» GIVEN DATA
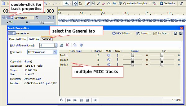 As you may know, one track in ACID can contain multiple MIDI tracks. Each MIDI track can control a separate MIDI instrument on its own MIDI channel. Because of this, ACID cannot allow you to assign MIDI patch information at the ACID track level because there is no way of knowing which MIDI track to send it to.
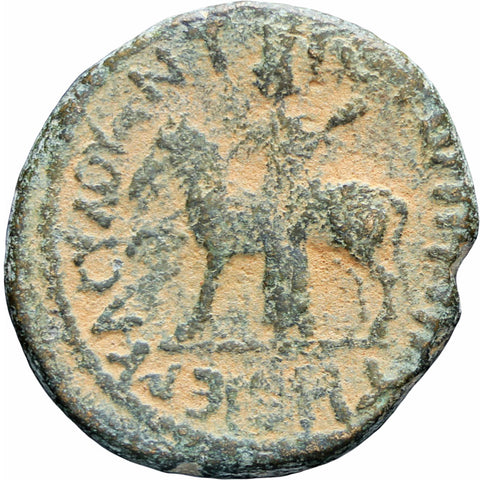 Reverse: Tyche, turreted, standing, head left, holding cornucopiae and bridled horse horse standing left.
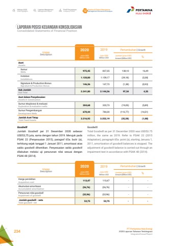 Laporan ManajemenManagement ReportProfil PerusahaanCompany ProfileAnalisa & Diskusi ManajemenManagement Discussion & AnalysisIkhtisar 20202020 HighlightsPT Pertamina Hulu Energi2020 Laporan Tahunan TerintegrasiIntegrated Annual Report 234GoodwillTotal Goodwill as per 31 December 2020 was USD53.75 million, the same as 2019. Refer to PSAK 22 (2015 Adaptation), paragraph 65a. point (a), starting January 1, 2011, amortization of goodwill balances is stopped. The adjustment of goodwill balance is carried out through an impairment test in accordance with PSAK 48 (2014).LAPORAN POSISI KEUANGAN KONSOLIDASIANConsolidated Statements of Financial PositionUraianDescription2020 2019 Pertumbuhan | GrowthJuta USDMillion USDJuta USDMillion USDJumlah (juta USD)Amount (Million USD) %Aset:Assets:SumurWells 975,45 837,35 138,10 16,49Instalasi Installations 1.120,00 1.159,17 (39,18) (3,38)Signature & Production Bonus Signature & Production Bonus 146,36 147,73 (1,38) (0,93)Sub JumlahSub Total 2.241,80 2.144,26 97,54 4,55Aset dalam Penyelesaian: Assets in Construction:Sumur eksplorasi & evaluasiExploration & evaluation wells 304,68 323,73 (19,05) (5,89)Sumur PengembanganDevelopment Wells 670,44 784,20 (113,77) (14,51)Jumlah Aset TetapTotal Fixed Assets 3.216,92 3.252,19 (35,28) (1,08)Goodwill Jumlah Goodwill per 31 Desember 2020 sebesar USD53,75 juta, sama dengan tahun 2019. Merujuk pada PSAK 22 (Penyesuaian 2015), paragraf 65a. butir (a), terhitung sejak tanggal 1 Januari 2011, amortisasi atas saldo goodwill dihentikan. Penyesuaian saldo goodwill dilakukan melalui uji penurunan nilai sesuai dengan PSAK 48 (2014).UraianDescription2020 2019 Pertumbuhan | GrowthJuta USDMillion USDJuta USDMillion USDJumlah (juta USD)Amount (Million USD) %Harga perolehan Acquisition cost 113,47 113,47 - -Akumulasi amortisasi Accumulated amortization (26,76) (26,76) - -Penurunan nilai goodwill Impairment of goodwill (32,96) (32,96) - - Jumlah goodwill - neto Total goodwill - net 53,75 53,75 - -
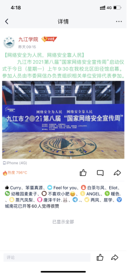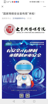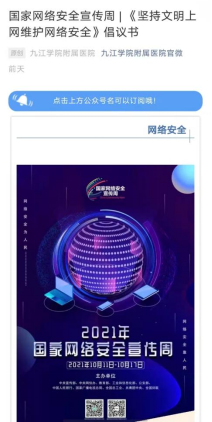 官方微信公众号、官方微博QQ账号在网络安全宣传周期间开展网络安全进校园的宣传活动,组织江西省网络安全知识竞赛、发布防网络诈骗、注意个人网络信息安全等知识,得到广大同学的关注和积极参与;外国语学院学生会微信公众号及微博发布“加强网络安全,防范电信诈骗”推文,全院师生积极转发宣传,并参与江西省网络安全知识竞赛活动;文传学院发布推文宣传“国家网络安全宣传周”;附属医院通过公众号宣网络安全宣传周倡议书、宣教知识等。

» TASK OBJECTIVE
Each line from the first line of the material above through the line containing "Reverse: Tyche, turreted, standing, head" is to be reproduced exactly, with both ends kept and pictures left out.

» YOUR RESPONSE
 As you may know, one track in ACID can contain multiple MIDI tracks. Each MIDI track can control a separate MIDI instrument on its own MIDI channel. Because of this, ACID cannot allow you to assign MIDI patch information at the ACID track level because there is no way of knowing which MIDI track to send it to.
 Reverse: Tyche, turreted, standing, head left, holding cornucopiae and bridled horse horse standing left.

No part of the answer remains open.